(Beginning of Recorded data)

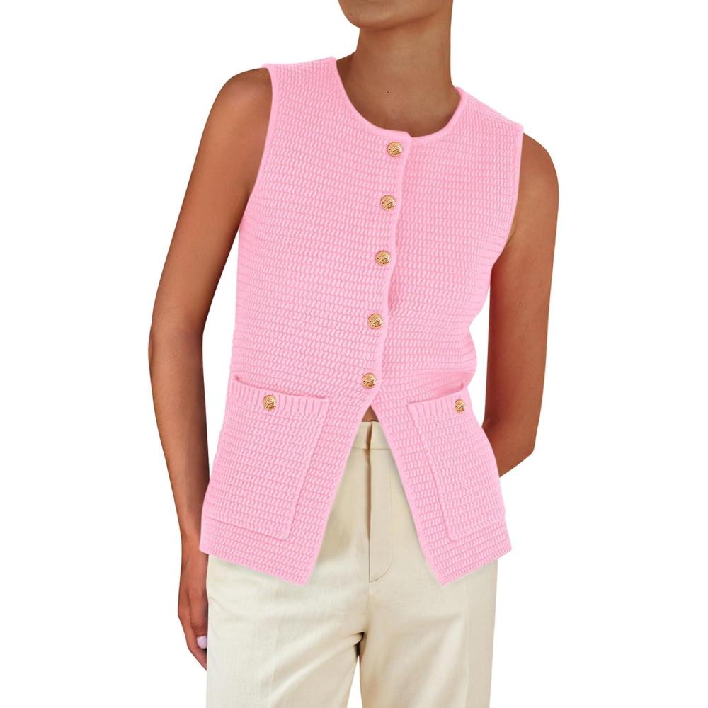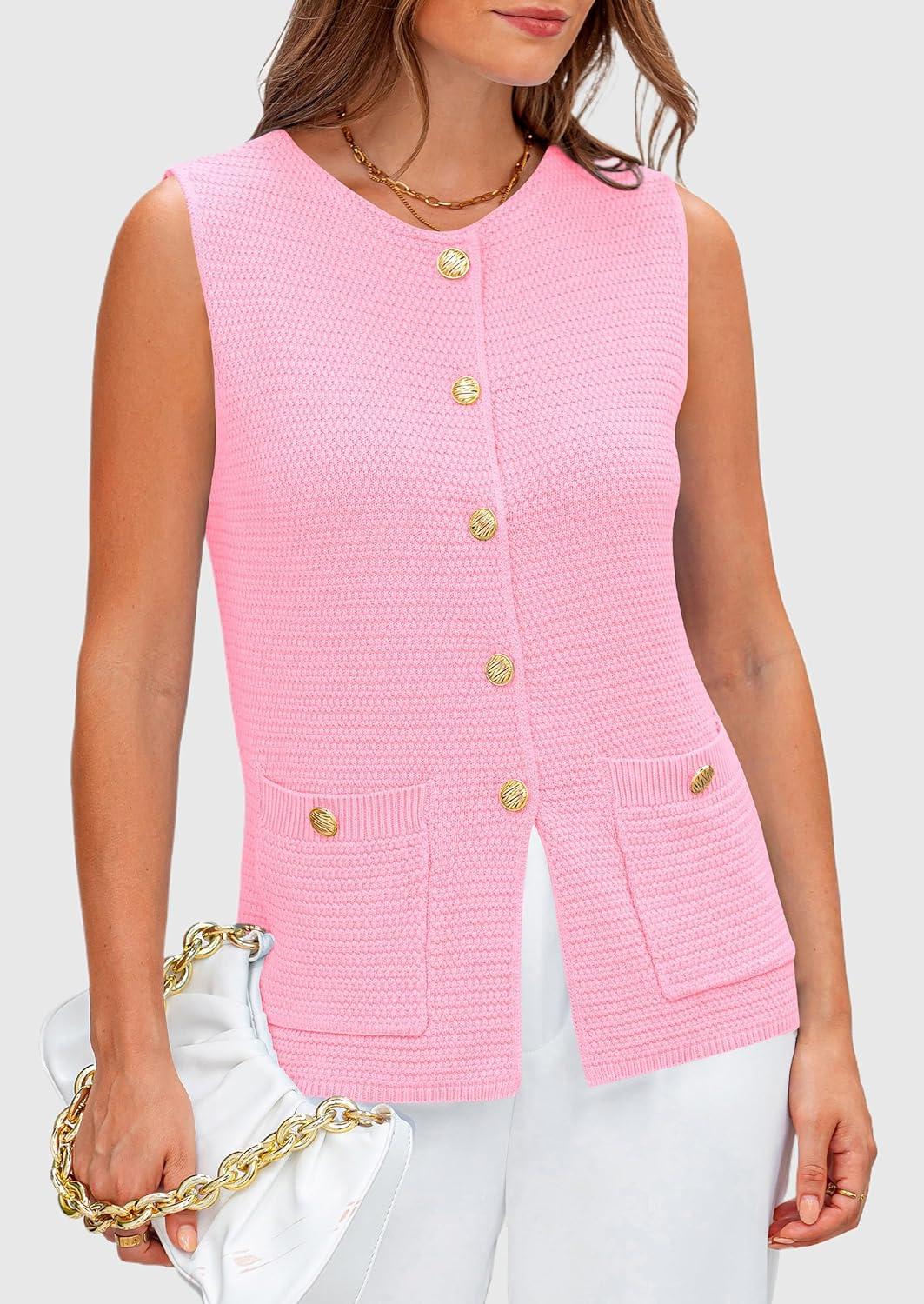 imagePRETTYGARDEN Womens 2025 Summer Sweater Vest Sleeveless Knit Cardigan Button Down Tank Tops Trendy Business Casual OutfitsLight Pink
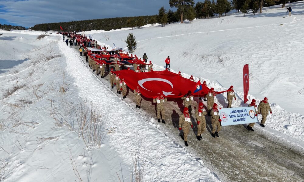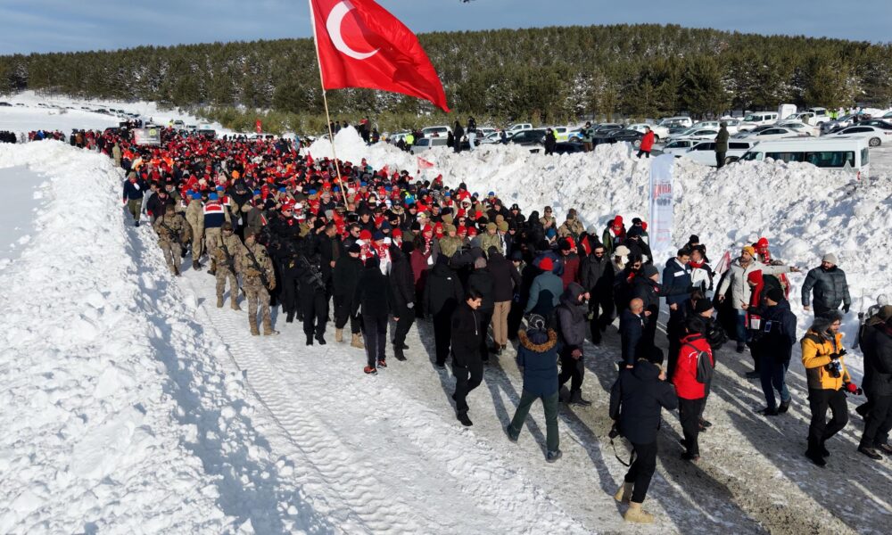Sarıkamış Harekatı sırasında donarak şehit olan binlerce Mehmetçik’i anmak için 'Türkiye Şehitleriyle Yürüyor' temasıyla düzenlenen yürüyüş eksi 22 derecede gerçekleştirildi. Fotoğraf: Oktay POLAT/Sarıkamış (Kars),(DHA)
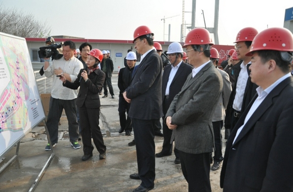 3月26日,南京市委副书记、市长缪瑞林在南京市建邺区区委书记冯亚军、南车蒲镇公司总经理李定南、局浙江分公司总经理欧阳兵、公司副总经理陈世川的陪同下,到南京河西新城快速公交一号线车辆基地项目检查调研。
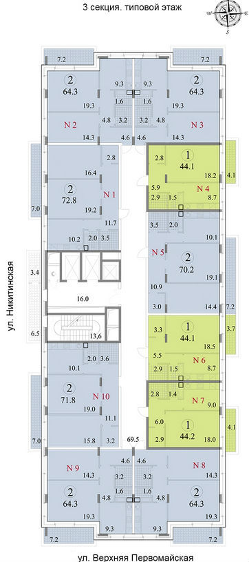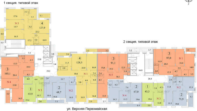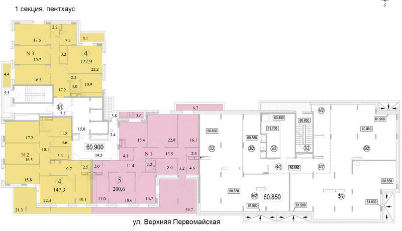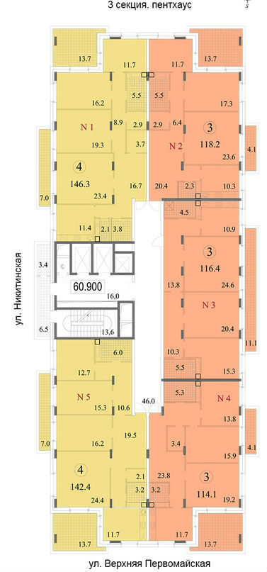 Площадь квартир:41 — 190 м2
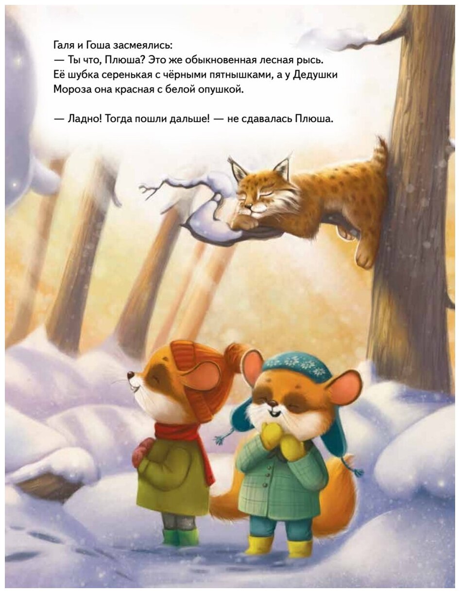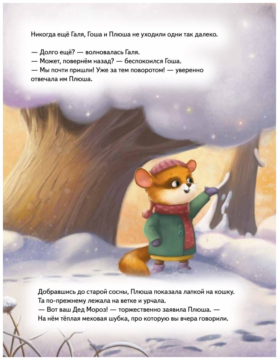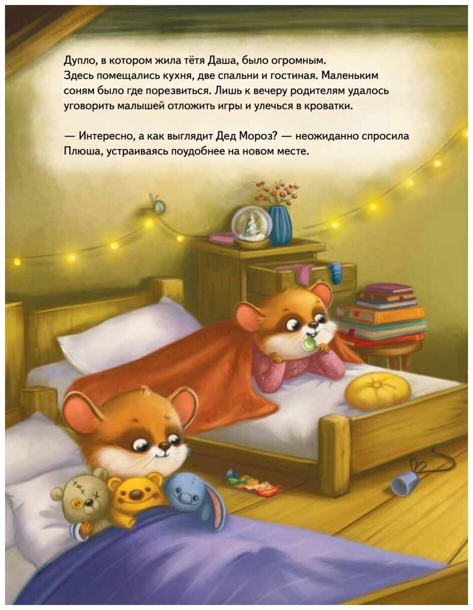 Плюша - маленький зверек соня. Вместе с мамой и папой она живет в дупле старого дуба. Ей очень нравится ходить в Лесную школу, печь пироги и собирать ягоды. А еще, как и все дети на свете, Плюша обожает приключения! Накануне Нового года тетя Даша приглашает малышку с семьёй к себе в гости. Ура! Плюша отправляется в настоящее новогоднее путешествие по зимнему лесу, где она встречает загадочных зверей и... неужели самого Деда Мороза? Поскорее открывай книгу - давай узнаем, что случилось с Плюшей и ее братиком и сестричкой накануне Нового года! Книга предназначена для чтения взрослыми детям.
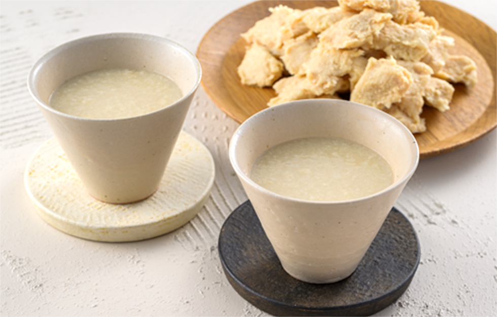 日本酒を作る際に発生する搾りかすの酒粕を水に溶かし、砂糖を加えて甘さを調整したもので、食物繊維を多く含みます。酒粕タイプの甘酒には微量のアルコールが含まれることがあるため、車を運転する際やアルコールに弱い方、20歳未満の方、妊娠中の方などは気を付けましょう。
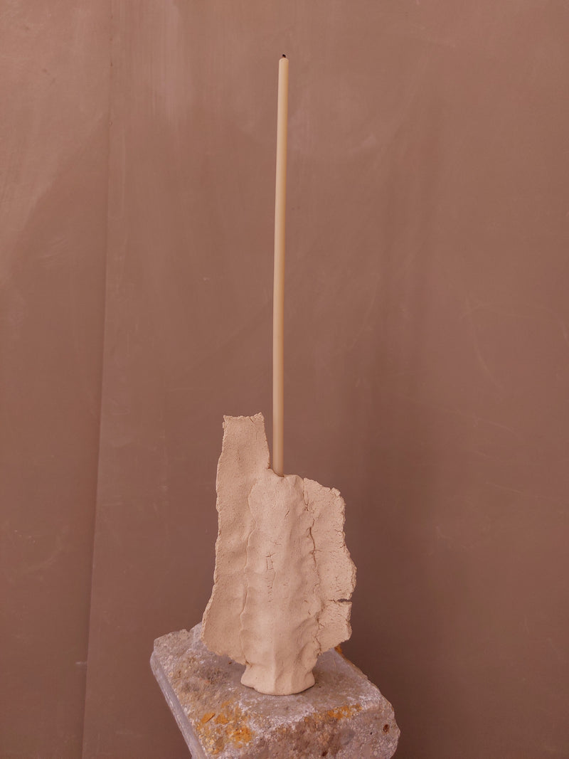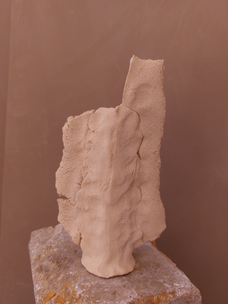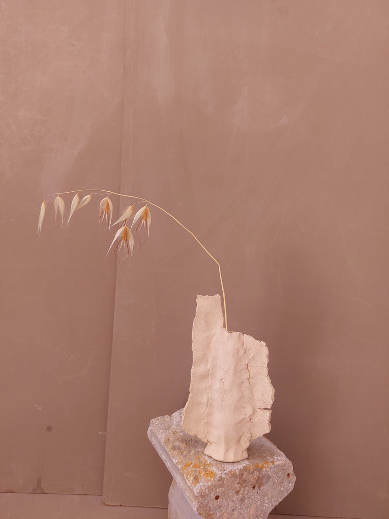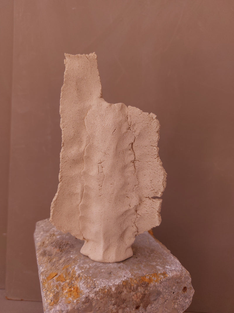 handbuilt white stoneware vase-sculpture, unglazed | h. 16 cm., w. 8 cm.
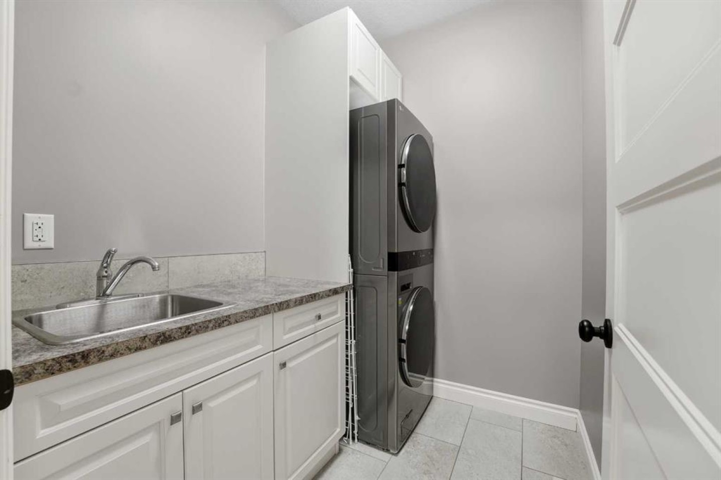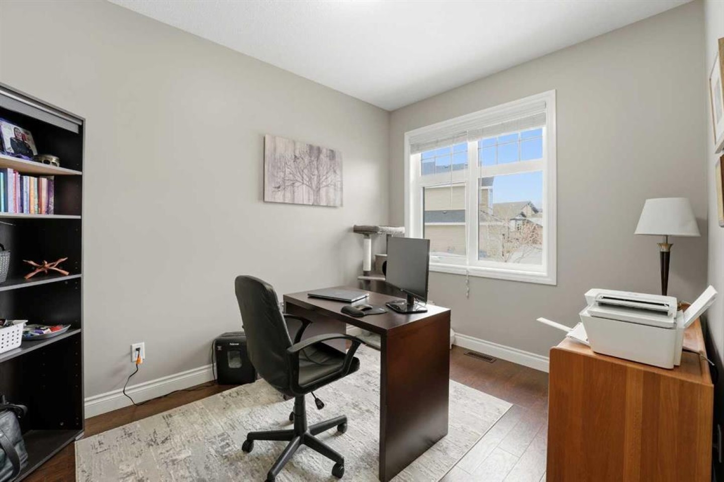 The spacious primary suite accommodates a king bed and features a walk-in closet and spa-like 5pc ensuite with soaker tub, dual vanities, separate shower, and private water closet. A second bedroom, full bath, main floor office, mudroom with built-in lockers, and main floor laundry with cabinets and sink complete the level.

(End of Recorded data)

Task goal ▸
Please output the listing above exactly from its first line through the line with "handbuilt white stoneware", both included, and nothing beyond that line. Omit pictures.

Written answer ▸
 imagePRETTYGARDEN Womens 2025 Summer Sweater Vest Sleeveless Knit Cardigan Button Down Tank Tops Trendy Business Casual OutfitsLight Pink
Sarıkamış Harekatı sırasında donarak şehit olan binlerce Mehmetçik’i anmak için 'Türkiye Şehitleriyle Yürüyor' temasıyla düzenlenen yürüyüş eksi 22 derecede gerçekleştirildi. Fotoğraf: Oktay POLAT/Sarıkamış (Kars),(DHA)
 3月26日,南京市委副书记、市长缪瑞林在南京市建邺区区委书记冯亚军、南车蒲镇公司总经理李定南、局浙江分公司总经理欧阳兵、公司副总经理陈世川的陪同下,到南京河西新城快速公交一号线车辆基地项目检查调研。
 Площадь квартир:41 — 190 м2
 Плюша - маленький зверек соня. Вместе с мамой и папой она живет в дупле старого дуба. Ей очень нравится ходить в Лесную школу, печь пироги и собирать ягоды. А еще, как и все дети на свете, Плюша обожает приключения! Накануне Нового года тетя Даша приглашает малышку с семьёй к себе в гости. Ура! Плюша отправляется в настоящее новогоднее путешествие по зимнему лесу, где она встречает загадочных зверей и... неужели самого Деда Мороза? Поскорее открывай книгу - давай узнаем, что случилось с Плюшей и ее братиком и сестричкой накануне Нового года! Книга предназначена для чтения взрослыми детям.
 日本酒を作る際に発生する搾りかすの酒粕を水に溶かし、砂糖を加えて甘さを調整したもので、食物繊維を多く含みます。酒粕タイプの甘酒には微量のアルコールが含まれることがあるため、車を運転する際やアルコールに弱い方、20歳未満の方、妊娠中の方などは気を付けましょう。
 handbuilt white stoneware vase-sculpture, unglazed | h. 16 cm., w. 8 cm.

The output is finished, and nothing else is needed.